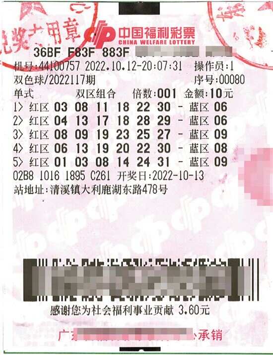 新快报讯 记者陆妍思 通讯员方志良报道 第22115期双色球开奖中,东莞桥头一彩民凭借两张胆拖票中得1072万元,仅隔一期,10月13日开奖的第22117期中,东莞再传出大奖喜讯,清溪镇44100757投注站一位彩民凭借一张10元5注单式自选票揽获一等奖608万元。
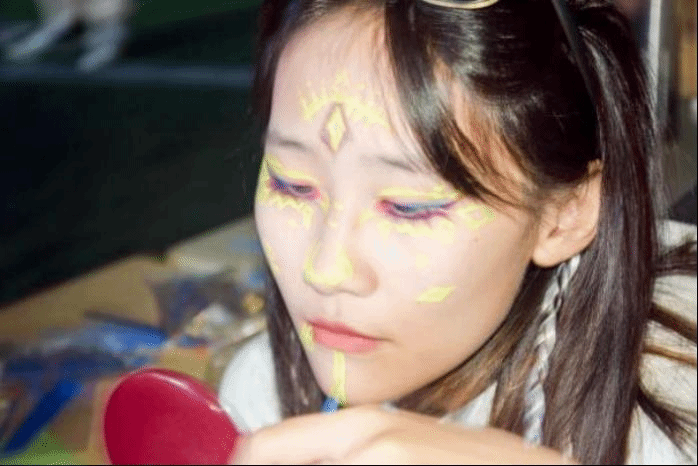 活动当天下午四点,工作人员就已到达D区足球场开始为彩绘活动做准备。搭帐篷、搬桌子、摆颜料、洗画笔,工作人员细心地将同学们所会用到的物资准备好。待一切工序安排结束,工作人员为同学们打了头阵,他们拿起画笔为自己画上喜欢的图案,不仅为活动起了宣传作用,吸引同学自由创作,也展现了自己的独特风格。
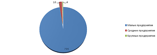 Оставшаяся часть распределилась между "Средними" - 16 предприятий (2%) и 4 предприятия из категории "Крупных" с 0,5% от общего числа новых юридических лиц.
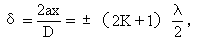 这里K=0相应于在O点处的中央明条纹。K=1K=2,…等等相应的明条纹分别称为第一级、第二级、…明条纹。如果P点为暗点,按干涉条件,有
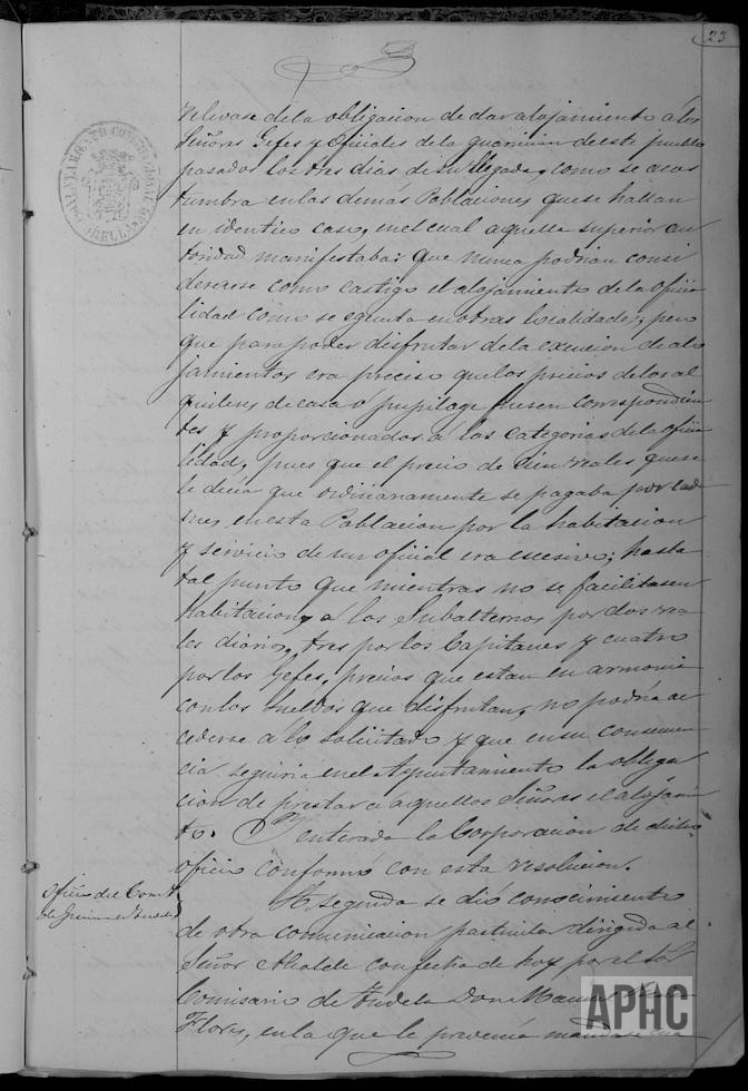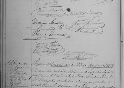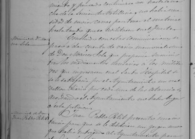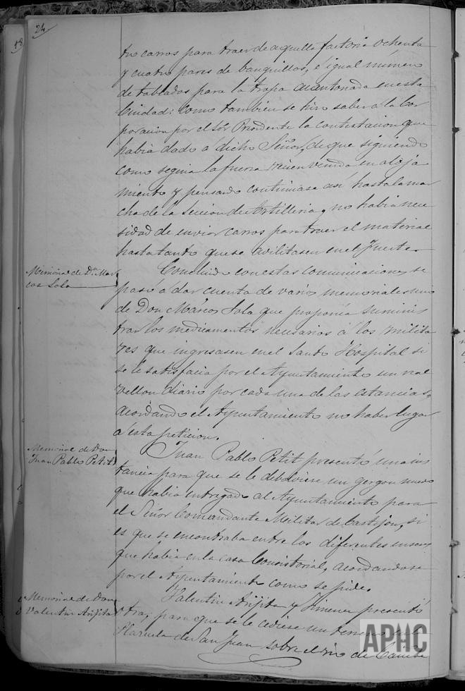 Escritos y consideraciones sobre alojamiento de Jefes, Oficiales y Subalternos de la Guarnición de la población. El Farmacéutico Marcos Sola, solicita se le abone cierta cantidad por medicamentos suministrados a los militares ingresados en el Hospital; se acuerda no haber lugar. Escrito de Juan Pablo Petit, solicitando devolución de material, entregado al Ayuntamiento para el Comandante Militar de Castejón; se accede a lo solicitado. Solicitud de Valentín Arigita Jiménez, para que se le cediese un terreno en la Plazuela de San Juan sobre el río Cañete, comprometiéndose a cubrir dicho cauce, en las condiciones que estableciese la Corporación; se acuerda pase a Comisión para estudio e informe. (Entiendo que esta Plazuela de San Juan, se refiere a la que existiría delante de la ermita de “San Juanillo”, es decir al final del Barrio Verde, junto a las Tajadas). Escritos de Venancio Ayala y otro de Felipe Atienza Bermejo, exponiendo que habían sido desterrados el año 1875 y solicitaban exenciones de contribuciones; se accede. Ante el mal estado en que se encuentran varias calles y las próximas procesiones del Corpus, se acuerda arreglar el trozo especialmente de la calle Mayor, desde el Crucero al Barrio Verde y hasta la Plaza, que es el que se encuentra en peor estado.
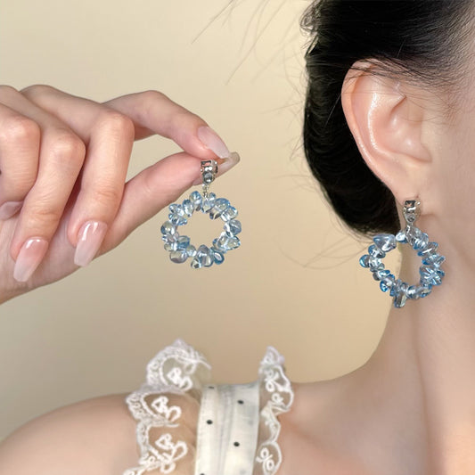 A廠 韓系藍色暈染滴油花朵銀針耳環 批發 折扣@洽客服 25.04.W1「4303」

********************

Task details — Each line from the top of the records through the one containing "这里K=0相应于在O点处的中" needs to be transcribed exactly, without pictures.

Result of this task —
 新快报讯 记者陆妍思 通讯员方志良报道 第22115期双色球开奖中,东莞桥头一彩民凭借两张胆拖票中得1072万元,仅隔一期,10月13日开奖的第22117期中,东莞再传出大奖喜讯,清溪镇44100757投注站一位彩民凭借一张10元5注单式自选票揽获一等奖608万元。
 活动当天下午四点,工作人员就已到达D区足球场开始为彩绘活动做准备。搭帐篷、搬桌子、摆颜料、洗画笔,工作人员细心地将同学们所会用到的物资准备好。待一切工序安排结束,工作人员为同学们打了头阵,他们拿起画笔为自己画上喜欢的图案,不仅为活动起了宣传作用,吸引同学自由创作,也展现了自己的独特风格。
 Оставшаяся часть распределилась между "Средними" - 16 предприятий (2%) и 4 предприятия из категории "Крупных" с 0,5% от общего числа новых юридических лиц.
 这里K=0相应于在O点处的中央明条纹。K=1K=2,…等等相应的明条纹分别称为第一级、第二级、…明条纹。如果P点为暗点,按干涉条件,有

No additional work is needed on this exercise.